Based on the Fugitive Slave Act of 1850, all American citizens were compelled to assist in the recapture of runaway slaves. During the 19th century (the setting for Lyddie), many Southern slaves made their way to Canada and the Northeast through the Underground Railroad. Essentially, the Underground Railroad was a network of secure routes and safe houses African American slaves utilized in their journey toward freedom in the North.
Those who manned the safe stations were called "conductors." Most conductors were free blacks, but some were white abolitionists. Quakers were some of the most fervent supporters of the Underground Railroad in the 19th century. Although many Quakers owned slaves in the 16th and 17th centuries, the tide began to change during the 18th century. Then, many Quakers began to speak out against the scourge of slavery, and many others participated in the abolition movement.
In chapter 6 of Lyddie, we learn that the Stevens family originally housed Ezekial Abernathy, a fleeing slave, at their own farm. However, when it became clear that the Quaker farm was being watched, Luke Stevens moved Ezekial to Lyddie's cabin. Basically, the Stevens family were conductors on the Underground Railroad. Their attitude toward slavery was indeed revolutionary for their time and definitely ran afoul of slavery laws; if caught, the Stevens family would have been imprisoned and/or fined.
Meanwhile, Lyddie is similar to a slave in the sense that she has little power over her own life. By working for the mill, she agrees to submit to all the rules and regulations imposed upon her. As a lowly mill worker, Lyddie has few rights. Powerful corporations decide how the mills are run.
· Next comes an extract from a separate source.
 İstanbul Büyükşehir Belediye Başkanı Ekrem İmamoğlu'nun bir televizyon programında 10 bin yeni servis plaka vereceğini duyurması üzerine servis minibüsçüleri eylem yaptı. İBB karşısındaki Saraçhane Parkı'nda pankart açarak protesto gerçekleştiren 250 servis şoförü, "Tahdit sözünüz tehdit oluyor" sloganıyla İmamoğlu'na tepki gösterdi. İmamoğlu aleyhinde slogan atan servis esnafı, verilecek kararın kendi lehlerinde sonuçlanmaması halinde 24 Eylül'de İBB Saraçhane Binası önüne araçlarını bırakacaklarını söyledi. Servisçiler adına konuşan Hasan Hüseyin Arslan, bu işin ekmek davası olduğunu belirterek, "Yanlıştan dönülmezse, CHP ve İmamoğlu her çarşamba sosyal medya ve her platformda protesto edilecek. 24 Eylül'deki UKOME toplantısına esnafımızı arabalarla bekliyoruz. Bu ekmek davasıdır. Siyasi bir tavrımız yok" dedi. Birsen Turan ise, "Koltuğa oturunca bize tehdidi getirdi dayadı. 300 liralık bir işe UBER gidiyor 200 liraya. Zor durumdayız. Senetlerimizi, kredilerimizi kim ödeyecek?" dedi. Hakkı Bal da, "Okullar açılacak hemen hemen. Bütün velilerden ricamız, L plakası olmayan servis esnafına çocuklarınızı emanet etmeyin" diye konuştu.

To increase profits, these companies can prolong working hours and lower base salaries with impunity. This is the main reason Lyddie's peers sign a petition that advocates for better working conditions for all mill workers. Lyddie is similar to a slave in that she has little personal autonomy and few options to better her life.
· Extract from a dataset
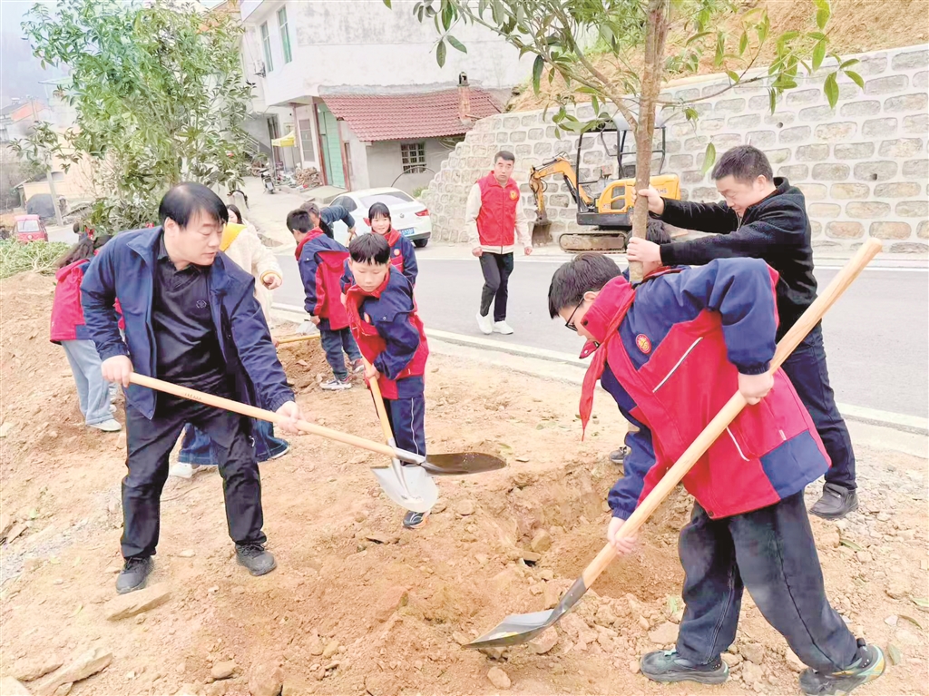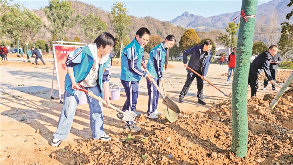 岚皋县教体局组织城区部分中小学师生开展义务植树活动。在春日暖阳下,汗水与欢笑交织,看着亲手栽下的小树迎风而立,大家脸上写满自豪。 乐晓彦 刘咨吟 摄

The Quaker question is a bit confusing. It's asking about an attitude being different than a law. I'm not sure I see the connection. The Quakers during Lyddie's time are not that much different than the Quakers in modern day times. The reason for that is "Lyddie" is taking place during the industrial revolution which marks a beginning of sorts to the modern age. New technology, business, and manufacturing techniques were being developed quite rapidly. Cities were becoming huge. The Quaker attitude was, and is, to stay apart from that. The tools that they had been using for generations still worked, so there is no need to change. They saw all of that new development as getting in the way of living in close harmony with nature, family, and faith.
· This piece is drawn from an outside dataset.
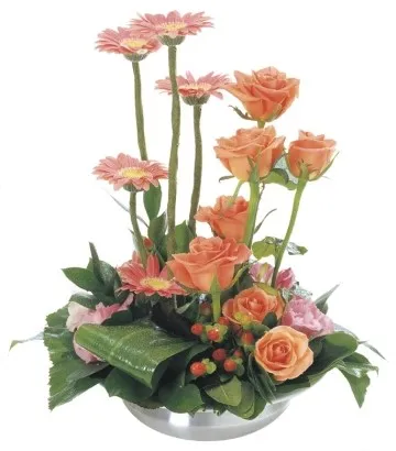 Proponujemy nowoczesną kompozycję w łososiowych kolorach. To oryginalne zestawienie umieszczono w srebrnej doniczce. Można tutaj znaleźć między innymi gerbery i róże, otoczone przez delikatne przybranie i zielone liście.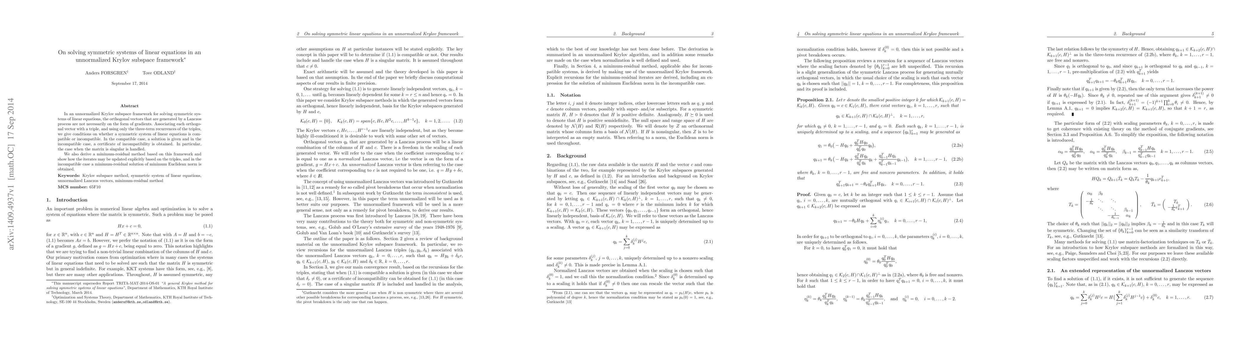 In an unnormalized Krylov subspace framework for solving symmetric systems of linear equations, the orthogonal vectors that are generated by a Lanczos process are not necessarily on the form of gradients. Associating each orthogonal vector with a triple, and using only the three-term recurrences of the triples, we give conditions on whether a symmetric system of linear equations is compatible or incompatible. In the compatible case, a solution is given and in the incompatible case, a certificate of incompatibility is obtained. In particular, the case when the matrix is singular is handled. We also derive a minimum-residual method based on this framework and show how the iterates may be updated explicitly based on the triples, and in the incompatible case a minimum-residual solution of minimum Euclidean norm is obtained.

Lyddie is similar to a slave because while working at the tavern, she has been forced into a job she does not want in order to pay off debts that are not hers. She longs for freedom like a slave. A slightly different freedom, but still freedom. In Lyddie's case she wants to be financially independent in order to make her own choices. She doesn't want to be beholden to anybody. Also similar to a slave is her high work ethic and desire to be something more. She loves learning and sees that she can gain further independence with more knowledge.